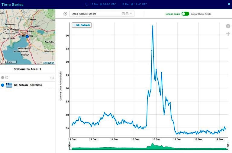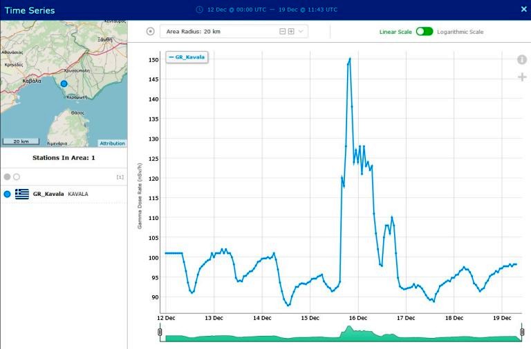 Συγκεκριμένα, στην Καβάλα, όπως βλέπετε και στον χάρτη η τιμή της ραδιενέργειας στις 16 Δεκεμβρίου εκτοξεύτηκε στα 150 nanosivert ανά ώρα ενώ τις υπόλοιπες ημέρες πριν και μετά την 16η Δεκεμβρίου οι τιμές πέφτουν σε χαμηλά επίπεδα.
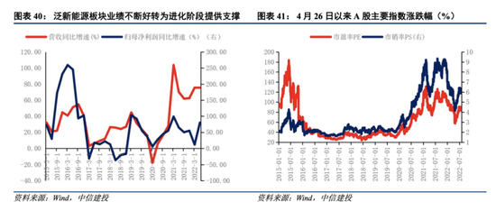 2022年以后,市场对泛新能源板块的认可度不断提高,估值较进化阶段的最高值有所回落,PE中枢在80倍左右。
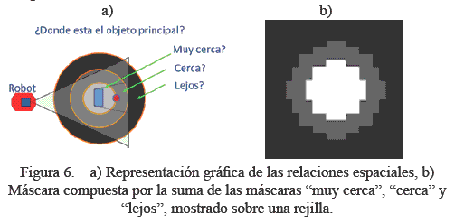 Las máscaras de coocurrencias de objetos se utilizan para representar la relación espacial en forma de anillos, con esto se puede obtener un radio de distancias representando a las variables lingüísticas: "Muy Cerca", "Cerca", "Lejos" y "Muy Lejos". Para obtener las máscaras y la matriz de coocurrencia, se usa el método descrito en (Loncomilla P., Ruiz del Solar J. y Saavedra M., 2013), donde ellos obtienen las máscaras considerando estadísticas de distancia entre objetos. Un ejemplo de máscara compuesta se muestra a lo largo de una rejilla con un tamaño de píxel de 0,1 [m] en la Figura 6.
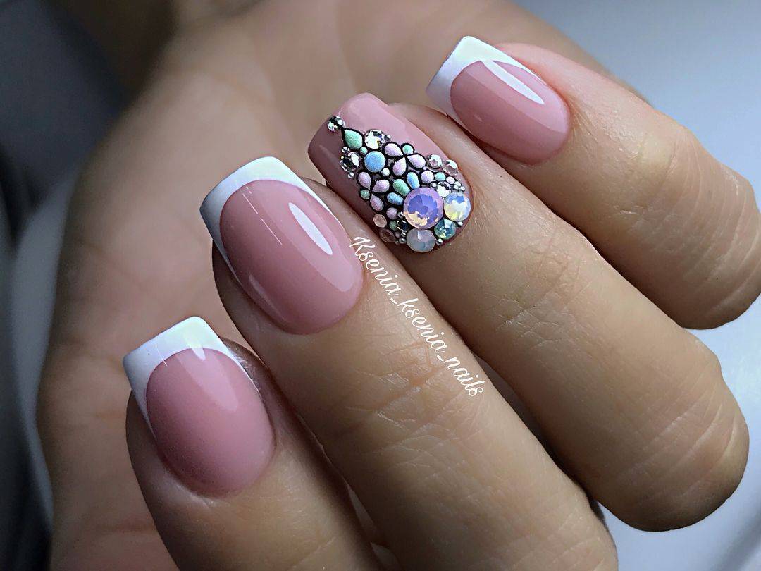 Французский маникюр сам по себе выглядит очень красиво. И в большинстве случаев он не требует дополнительных деталей. Тем не менее, не стоит отрицать популярность разнообразия актуальных видов дизайна, которые всегда дополняют маникюр и делают его более стильным, оригинальным.
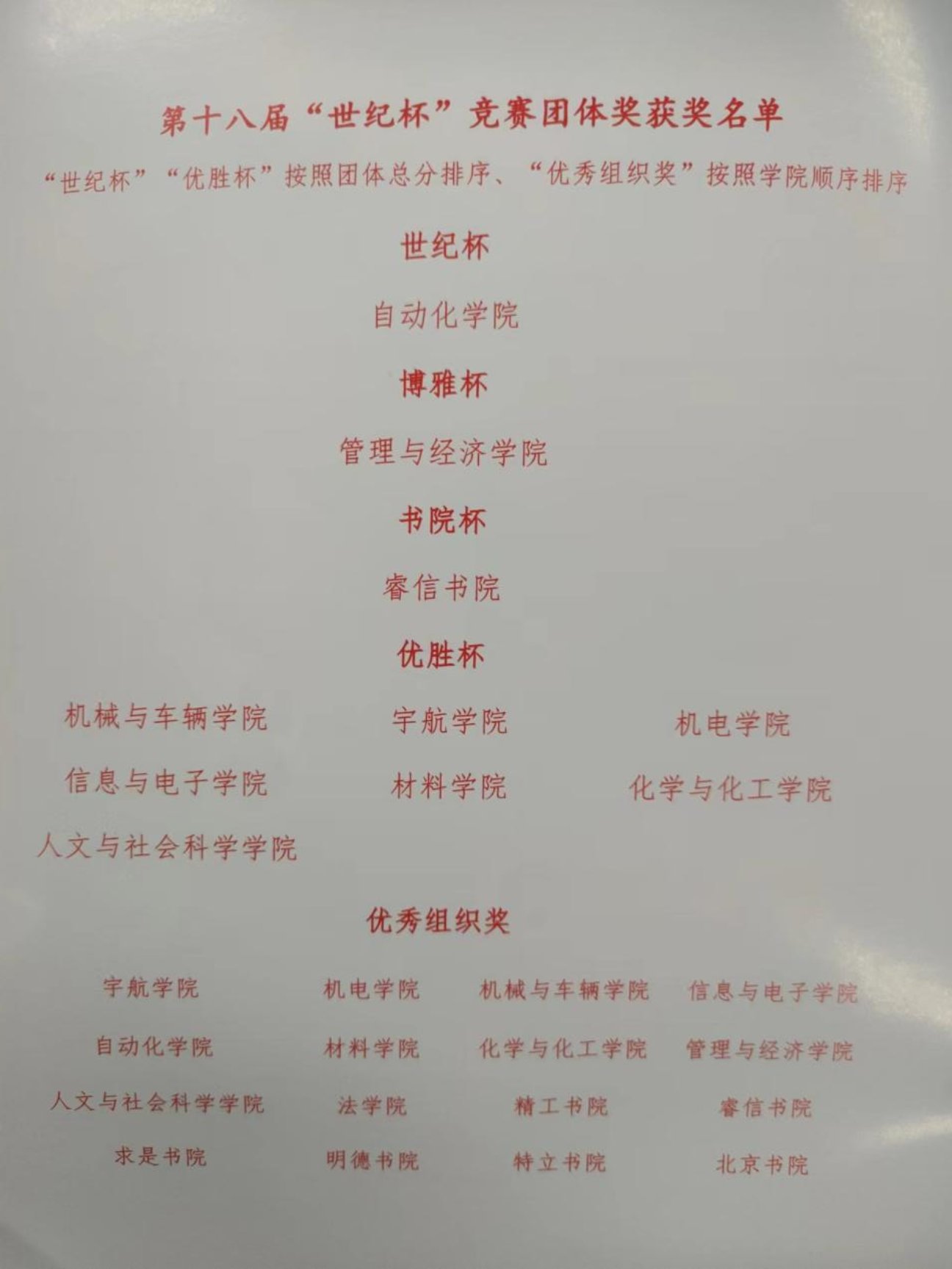在北京理工大学第十八届“世纪杯”竞赛中,法学院获评“优秀组织奖”。

* _Action item_
Pictures aside, set down the lines from the one containing "Французский маникюр сам" through the end of the records above, exactly and only those.

* _Solution below_
 Французский маникюр сам по себе выглядит очень красиво. И в большинстве случаев он не требует дополнительных деталей. Тем не менее, не стоит отрицать популярность разнообразия актуальных видов дизайна, которые всегда дополняют маникюр и делают его более стильным, оригинальным.
在北京理工大学第十八届“世纪杯”竞赛中,法学院获评“优秀组织奖”。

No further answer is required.